Pretty much off the grid: the mountain village of Macheros in the State of Mexico.

The presence of the rangers reduced logging on the mountain. But in all that time, these workers never had any sustained contact with the rest of the monarch community. First there was the language barrier. Then there was the fact that their hometown of Macheros has no phone or mail service. (And until last month, when we paid to have towers built to bring it here, no internet.)

The rangers were employed by the state park system, which didn’t care about data collection. When the Biosphere Reserve took over the area in 1986, they subcontracted data collection to an NGO that produces reports about forest and colony health without spending much time there. Their annual reports on colony size and logging incidence seems more politically motivated than fact based (Logging is not a problem anymore! Colony size is on the rebound!).

Potentially Joel’s dad and his fellow forest rangers knew so much about the colonies, but no one ever wrote anything down (minimally educated, they’re not all that comfortable with writing).
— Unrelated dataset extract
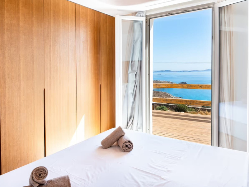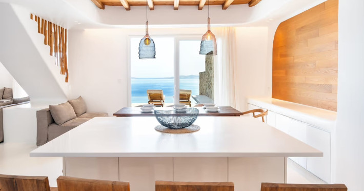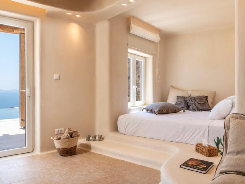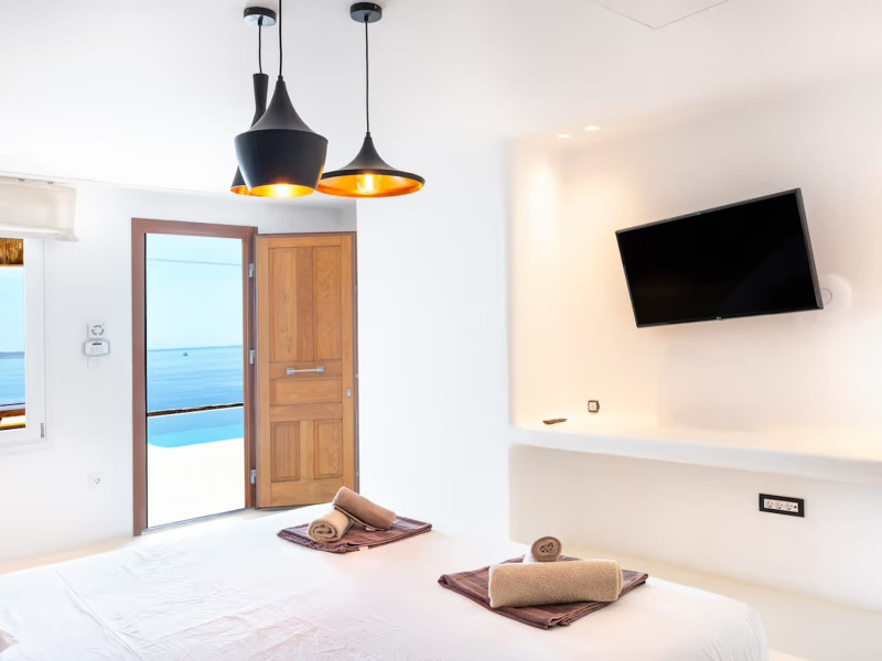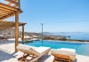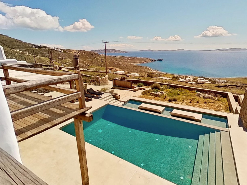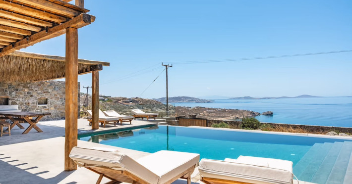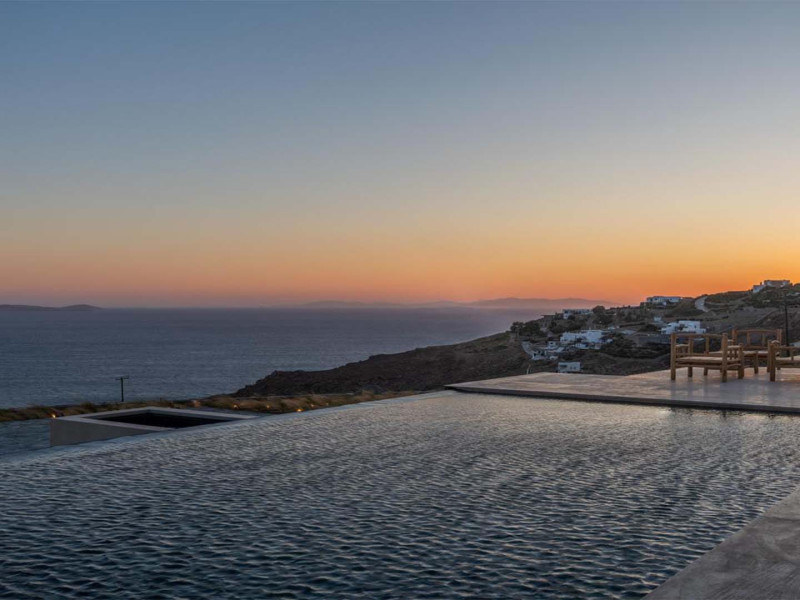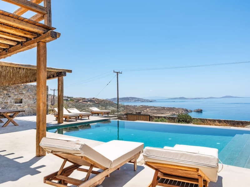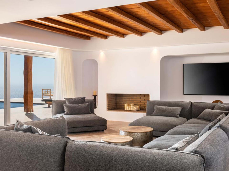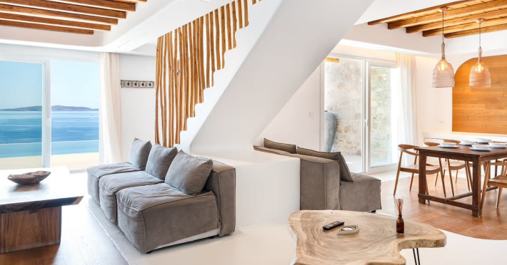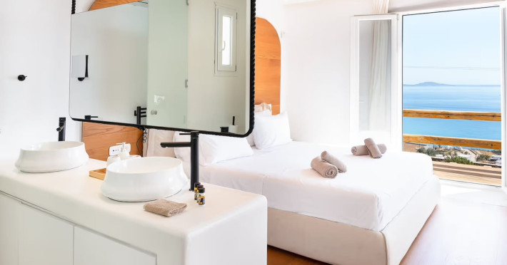 Ria Mar Villas and Suites by Live&Travel is an exclusive complex perched on the serene hills of Choulakia, offering five independent luxury units: a 5-bedroom villa with a private infinity pool, Jacuzzi, and hammam, a 3-bedroom villa with a private pool, and three 1-bedroom suites, each boasting their own private pool. These properties are designed in a modern boho style that blends Cycladic minimalism with contemporary elegance, featuring panoramic views of the Aegean Sea and mesmerizing sunsets. Highlights: 5-Bedroom Villa: Sleeps up to 10 guests, with en-suite bedrooms, a fully equipped kitchen, and spacious indoor and outdoor living areas. It includes a 48 m² infinity pool, a 22 m² Jacuzzi, a hammam steam room, and an outdoor firepit. 3-Bedroom Villa: Perfect for families or groups, with expansive sea views, private pool, and elegant indoor spaces. 1-Bedroom Suites: Each suite is thoughtfully designed, with mezzanine-style sleeping areas, airy interiors, and private pools. Located just a short drive from Mykonos Town and near Agios Stefanos Beach, the complex is ideal for those seeking privacy, relaxation, and easy access to the island’s vibrant attractions. Whether you're planning a tranquil escape or a lively group retreat, Ria Mar Villas and Suites offer a tailored luxury experience infused with authentic Mykonian charm

My suegro can tell me that there used to be 150 instead of 50 trees covered in monarch clusters, but he cannot tell me when. While everyone eagerly awaited the monarch’s arrival, and kept note of the date, no one kept track of when they left each spring. But as monarch expert Lincoln Brower has pointed out, this information could tell us how the monarchs are responding to global warming.

When the rangers retired in 2014, the agency that employed him took 6 months to get their replacements in place. In the meantime illegal logging in Cerro Pelon’s core protected area exploded. Even after the new rangers started, they didn’t have the same connections their predecessors had developed over the years, and logging continued apace. It was at their urging that we formed an NGO called Butterflies and Their People so that we could look for funding to increase the presence of professional personnel on Cerro Pelon.

Ant logging on Cerro Pelon that took place during a six month period when it had no rangers.

As the proposal I wrote for this project developed, the job description became more professional citizen scientist than ranger. Our rangers could be trained to collect data to answer questions that oddly enough have never been systematically investigated in the Monarch Butterfly Biosphere Reserve, such as How does the size of the colony fluctuate over the course of the season? How successful are all the reforestation efforts that are going on? Is natural regeneration more effective than reforestation? What percentage of the colony dies over the course of the season, and what are the major causes of death (bird strike, starvation)? What are the GPS points of logged trees?

Now that we’ve brought the internet here, Mexico doesn’t have to fall off the map anymore. Dplex doesn’t have to fall silent every winter. We can put Mexican citizen scientists on the grid and in contact with the rest of the monarch research community.

Maybe you’re saying but wait a minute, citizen scientist is a volunteer position. But there’s already a precedent for citizen science as a compensated avocation: in Mexico, Monarch Watch provides a budget to pay people who turn in recovered tags. This decision recognizes an economic reality: if people are not compensated for participatory ecology, they’ll find other things to do. And lucrative illegal logging is usually the other thing that people do.

These tags were purchased from guides at the El Rosario sanctuary in Michoacan.

It is my hope that by democratizing citizen science we can get more locals involved in caring for and caring about the migration, and thus reduce logging. That our project can forge direct connections between locals and researchers and thus bypass the Mexican bureaucracies that don’t really seem to have the monarchs’ interests at heart. In the process, we can make data collection more transparent, flexible and responsive. This transnational conservation effort must become truly transnational if it is to succeed.